▸ **ABOUT THIS TASK**
Give back, exactly as written, the lines of the listing from the top through the line holding "Equivalent Ratios Worksheet Grade 6", and nothing more. Exclude pictures.
-=-=-=-=-
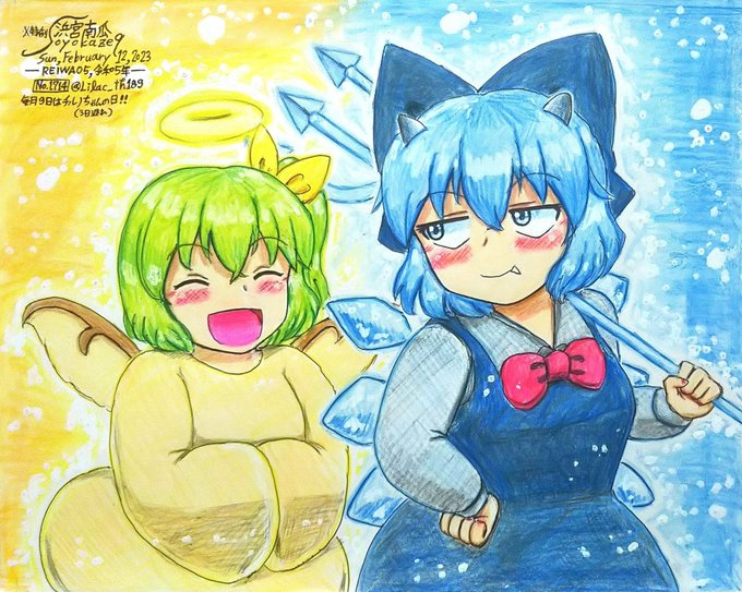 天使の大ちゃんと悪魔のチルノちゃん 立場は違えど大の仲良し👼😈 #チルノ #大妖精 #深夜の真剣お絵描き60分一本勝負 (東方版・1714回目参加) (※3月24日お題) #毎月九日はチルノの日(遅) #毎月9日はチルノの日(遅)
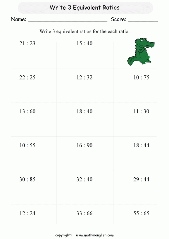Equivalent Ratios Worksheet Grade 6
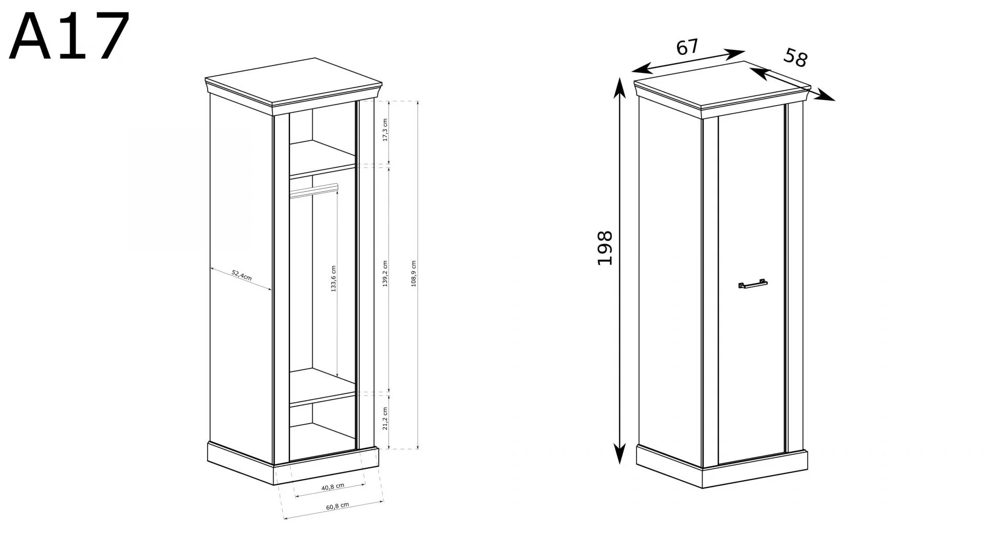 Jednoduchá šatní skříň s jedními dveřmi z kolekce Antica. Je vybavena závěsnou tyčí, která vám umožní využít dostupný prostor zavěšením oblečení na ramínka. Skříň má také dvě police, které umožňují pokládat věci naplocho. Její originální design překvapí mnoho hostů. Systém tlumeného dovírání dodává šatní skříni nádech elegance a tepla. Kovová rukojeť se bezproblémově začleňuje do celkového designu. K dispozici v barvě kraft gold.
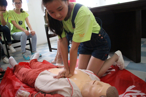 6月26日下午,卫生院院长为实践队队员上了一堂关于急救知识的现场教学课程,各位成员认真听课,积极提问,最后在老师的示范下,一一练习了心肺复苏术(CPR)的操作步骤。
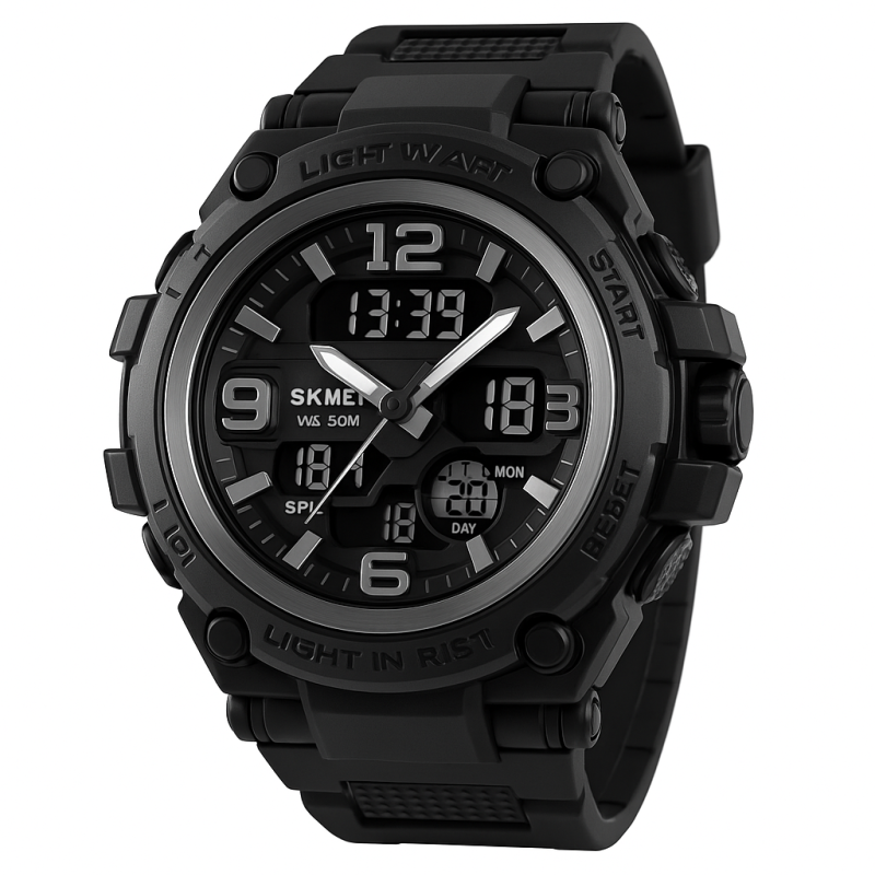 Часы SKMEI 1452BK BLACK сочетают агрессивный спортивный стиль с практичностью для повседневного использования. Благодаря массивному корпусу с четкими линиями и темному дизайну модель выглядит мощно и современно. Аналого-цифровой дисплей позволяет одновременно видеть как стрелочное, так и цифровое время, что удобно для активного ритма жизни.
-=-=-=-=-
▸ **ANSWER TO THE EXERCISE**
 天使の大ちゃんと悪魔のチルノちゃん 立場は違えど大の仲良し👼😈 #チルノ #大妖精 #深夜の真剣お絵描き60分一本勝負 (東方版・1714回目参加) (※3月24日お題) #毎月九日はチルノの日(遅) #毎月9日はチルノの日(遅)
Equivalent Ratios Worksheet Grade 6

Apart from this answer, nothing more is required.